• WORK TASK:
Your task is to return all the entries below exactly, with every picture omitted.

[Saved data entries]
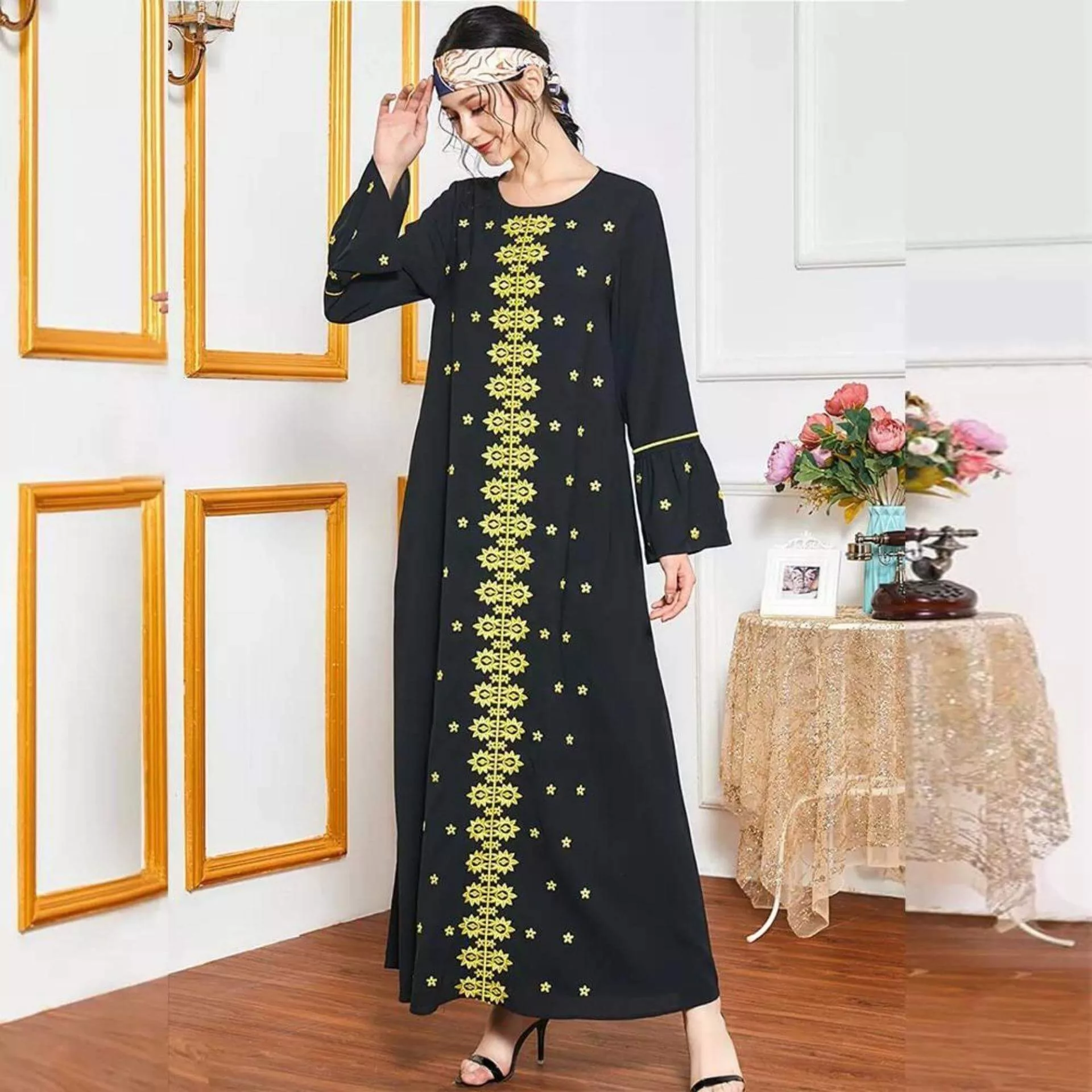 Avec son coloris noir et broderies jaunes, cette robe orientale est idéale lors de vos déplacements en extérieur !
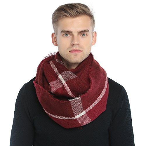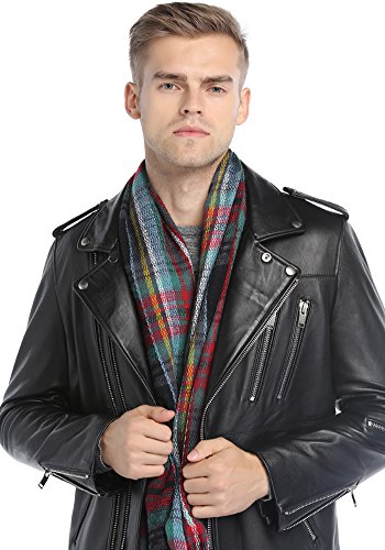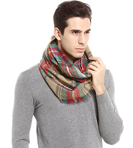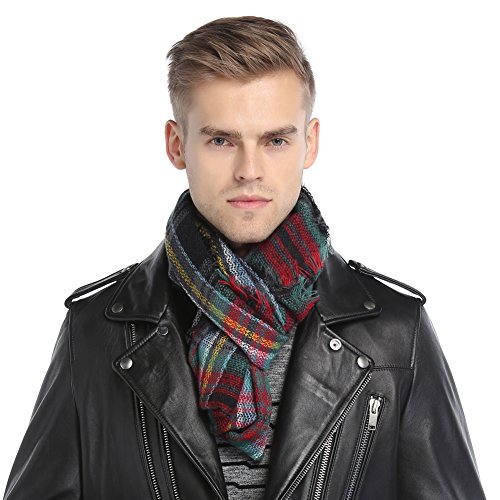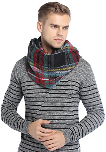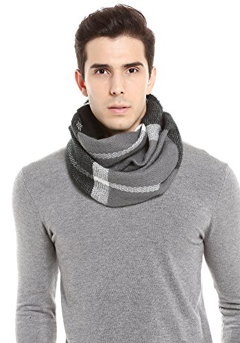 MissShorthair Soft Plaid Winter Scarf for Men Warm Tartan Infinity Blanket Scarves
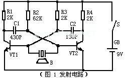 为发射电路。电路采用分立器件构成,VT1和VT2以及R1~ R4、C1、C2构成自激多谐振荡器,超声发射器件B被联接在VT1和VT2的集电极回路中,以推挽形式工作,回路时间常由R1、C1和R4、C2确定。超声发射器件B的共振频率使多谐振荡电路触发。因此,本电路可工作在最佳频率上。
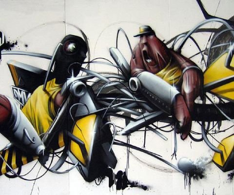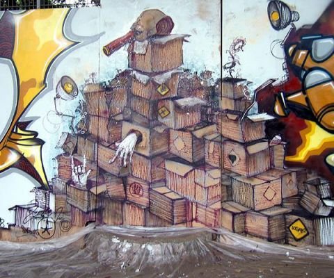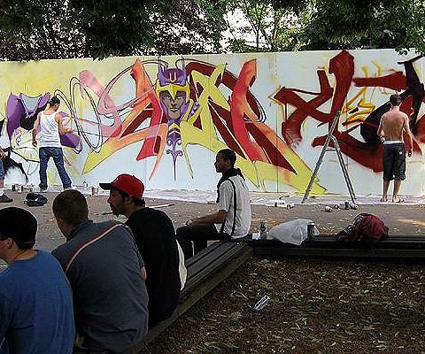 This year the festival took place over 5 days, with expos, movie showings, concerts, parties, and graffiti events. It was a bold project but the Rising Suns pulled it off and the result was an over-all quite satisfactory and enjoyable event. I will only comment on the graffiti, which was a nice mix of styles from around Europe, only maybe lacking some overseas flavour such as we had experienced in previous editions. The graffiti event of the 26th took place in the same location as in 2002 (Summer Session 4) but with noticeably alot less graff area being painted. The organization of the walls seemed a bit hectic and the painting took a slow start. The artists pulled through very nicely though, and here are the results of that day. Enjoy, and see you next year I hope!
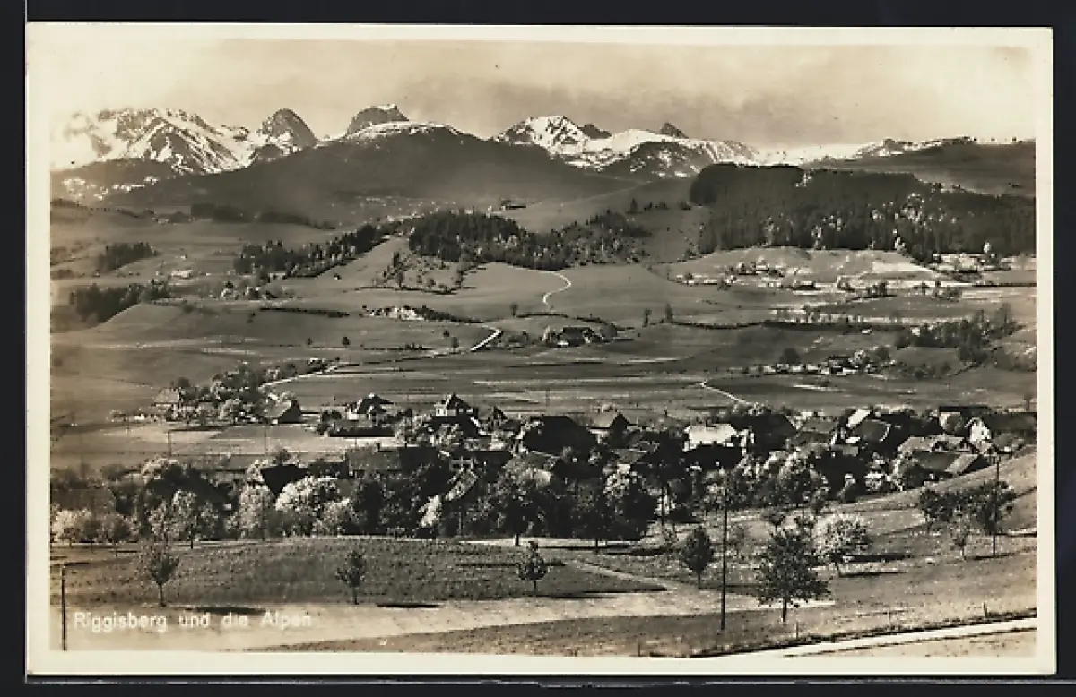 AK Riggisberg, Gesamtansicht mit Alpen
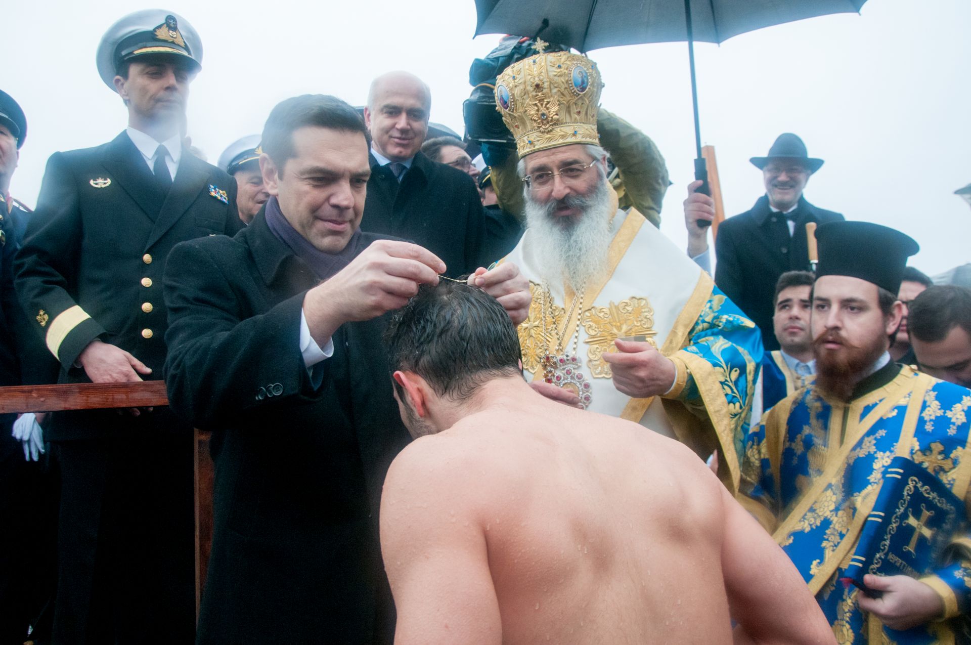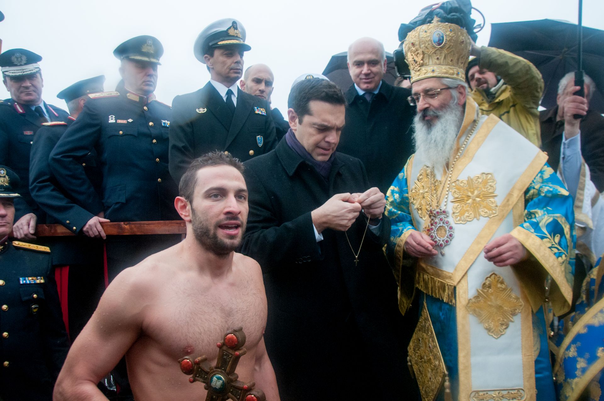 Ο κ. Τσίπρας φόρεσε και στον λαιμό του νέου που έπιασε τον Σταυρό, μια αλυσίδα με χρυσό σταυρό.
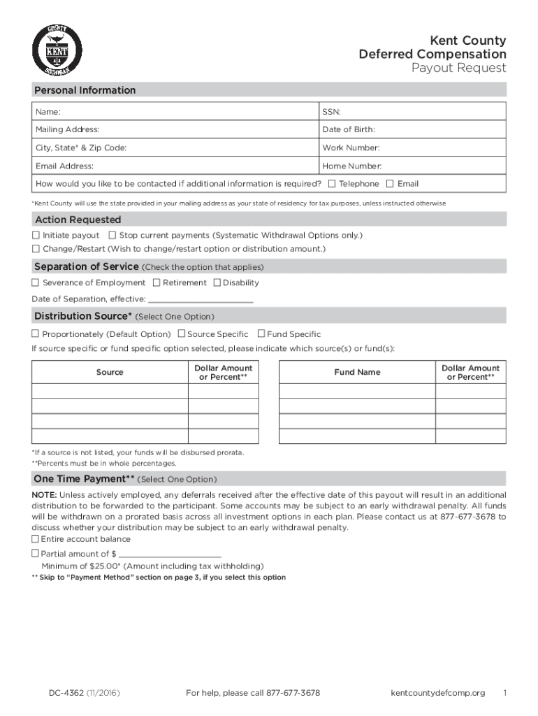 Submit the form to the Kent County Deferred Compensation office for processing.
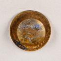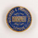 DescriptionA round lapel stud from Franklin Roosevelt's 1932 campaign. On the medium blue background is brass-colored text that reads: "ROOSEVELT / BUSINESS & PROFESSIONAL LEAGUE." The manufacturer's information is stamped into the back of the stud.
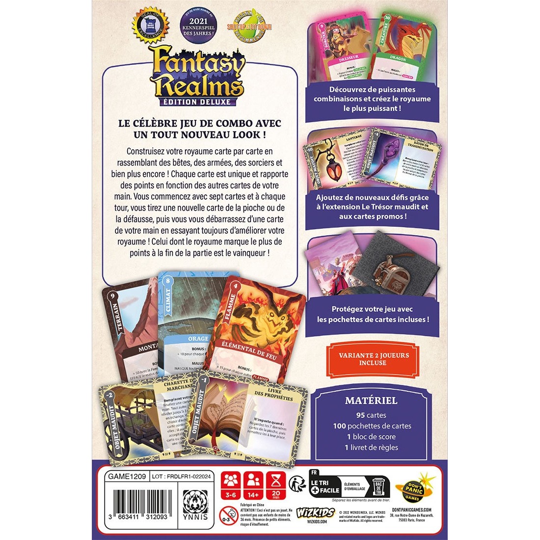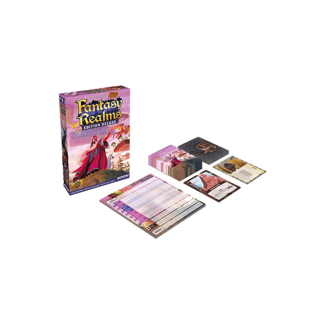 Dans le jeu Fantasy Realms Deluxe, développez votre royaume carte par carte en rassemblant des créatures, des armées, des sorciers et bien plus encore ! Chaque carte est unique et rapporte des points en fonction des autres cartes de votre main. Vous commencez avec sept cartes et à chaque tour, vous tirez une nouvelle carte de la pioche ou de la défausse, puis vous vous débarrassez d'une carte de votre main en essayant toujours d'améliorer votre royaume !
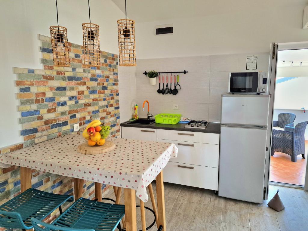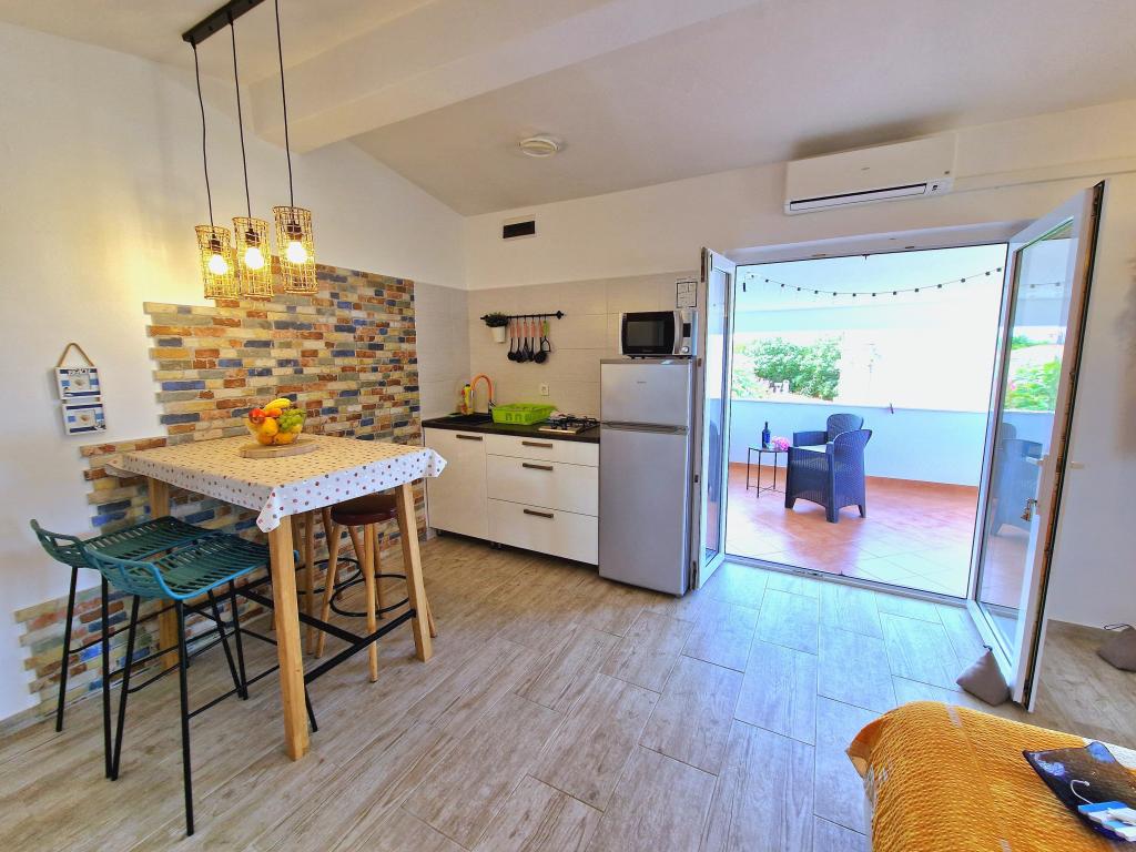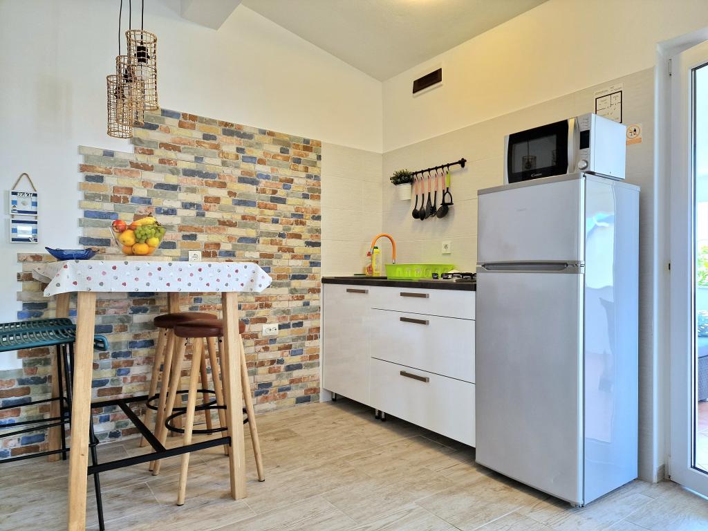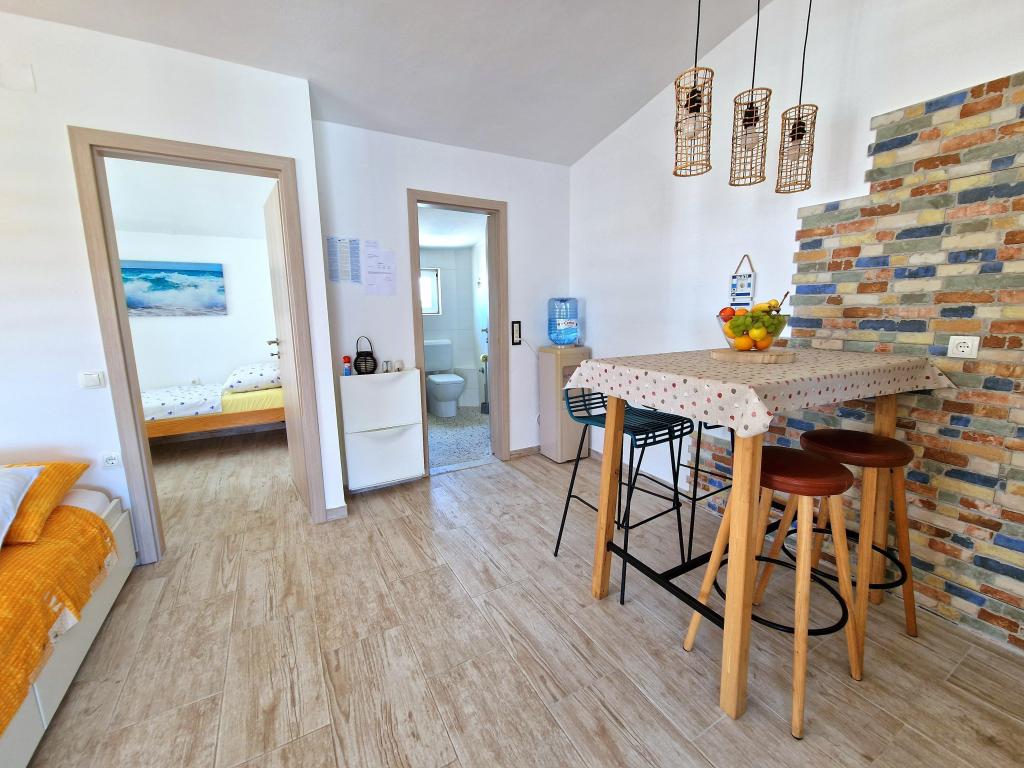 Byt se nachází na adrese Bilotinjaka II, číslo domu 18, v Privlaka (Škrapavac). Nachází se v blízkosti města Zadar, které je vzdálené 15 km a turistického střediska Zaton, které je vzdálené 1 km. Vzdálenost od pláže je asi 200 metrů a pláž je vhodná pro malé děti a neplavce, protože moře je mělké a písčité. Ubytovací kapacita je poskytována pro 4 osoby, ideální pro rodiče a dvě děti. Byt je v rodinném domě v prvním patře. Plocha bytu je 36 m2 + 15 m2 zastřešená terasa a skládá se z: - ložnice - obývacího pokoje - s manželskou postelí - kuchyně - koupelny - klimatizace - grilu (ve dvoře) - solární sprchy (ve dvoře) - parkovacího místa
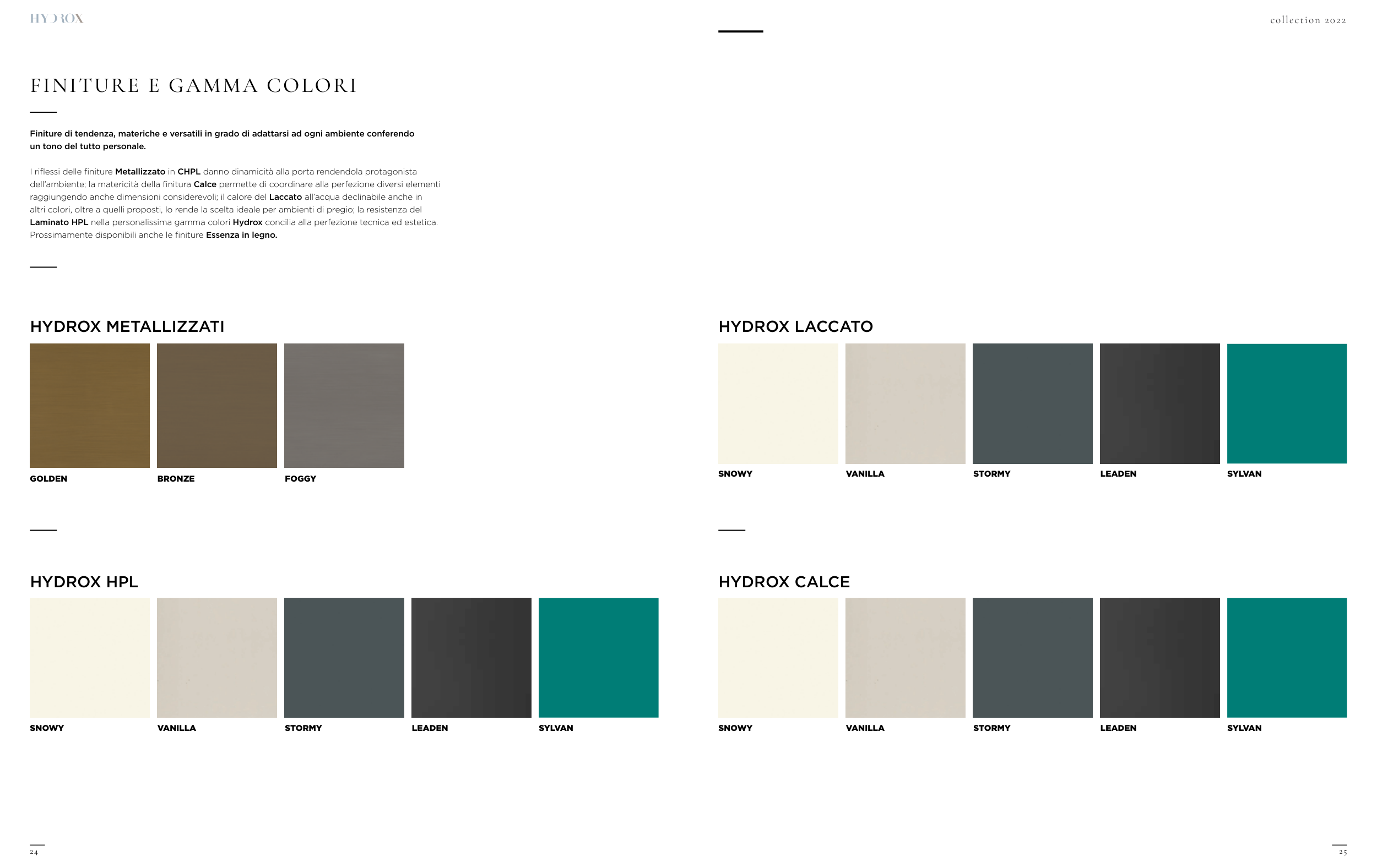FINITURE E GAMMA COLORI

• ANSWER BOX:
 Avec son coloris noir et broderies jaunes, cette robe orientale est idéale lors de vos déplacements en extérieur !
 MissShorthair Soft Plaid Winter Scarf for Men Warm Tartan Infinity Blanket Scarves
 为发射电路。电路采用分立器件构成,VT1和VT2以及R1~ R4、C1、C2构成自激多谐振荡器,超声发射器件B被联接在VT1和VT2的集电极回路中,以推挽形式工作,回路时间常由R1、C1和R4、C2确定。超声发射器件B的共振频率使多谐振荡电路触发。因此,本电路可工作在最佳频率上。
 This year the festival took place over 5 days, with expos, movie showings, concerts, parties, and graffiti events. It was a bold project but the Rising Suns pulled it off and the result was an over-all quite satisfactory and enjoyable event. I will only comment on the graffiti, which was a nice mix of styles from around Europe, only maybe lacking some overseas flavour such as we had experienced in previous editions. The graffiti event of the 26th took place in the same location as in 2002 (Summer Session 4) but with noticeably alot less graff area being painted. The organization of the walls seemed a bit hectic and the painting took a slow start. The artists pulled through very nicely though, and here are the results of that day. Enjoy, and see you next year I hope!
 AK Riggisberg, Gesamtansicht mit Alpen
 Ο κ. Τσίπρας φόρεσε και στον λαιμό του νέου που έπιασε τον Σταυρό, μια αλυσίδα με χρυσό σταυρό.
 Submit the form to the Kent County Deferred Compensation office for processing.
 DescriptionA round lapel stud from Franklin Roosevelt's 1932 campaign. On the medium blue background is brass-colored text that reads: "ROOSEVELT / BUSINESS & PROFESSIONAL LEAGUE." The manufacturer's information is stamped into the back of the stud.
 Dans le jeu Fantasy Realms Deluxe, développez votre royaume carte par carte en rassemblant des créatures, des armées, des sorciers et bien plus encore ! Chaque carte est unique et rapporte des points en fonction des autres cartes de votre main. Vous commencez avec sept cartes et à chaque tour, vous tirez une nouvelle carte de la pioche ou de la défausse, puis vous vous débarrassez d'une carte de votre main en essayant toujours d'améliorer votre royaume !
 Byt se nachází na adrese Bilotinjaka II, číslo domu 18, v Privlaka (Škrapavac). Nachází se v blízkosti města Zadar, které je vzdálené 15 km a turistického střediska Zaton, které je vzdálené 1 km. Vzdálenost od pláže je asi 200 metrů a pláž je vhodná pro malé děti a neplavce, protože moře je mělké a písčité. Ubytovací kapacita je poskytována pro 4 osoby, ideální pro rodiče a dvě děti. Byt je v rodinném domě v prvním patře. Plocha bytu je 36 m2 + 15 m2 zastřešená terasa a skládá se z: - ložnice - obývacího pokoje - s manželskou postelí - kuchyně - koupelny - klimatizace - grilu (ve dvoře) - solární sprchy (ve dvoře) - parkovacího místa
FINITURE E GAMMA COLORI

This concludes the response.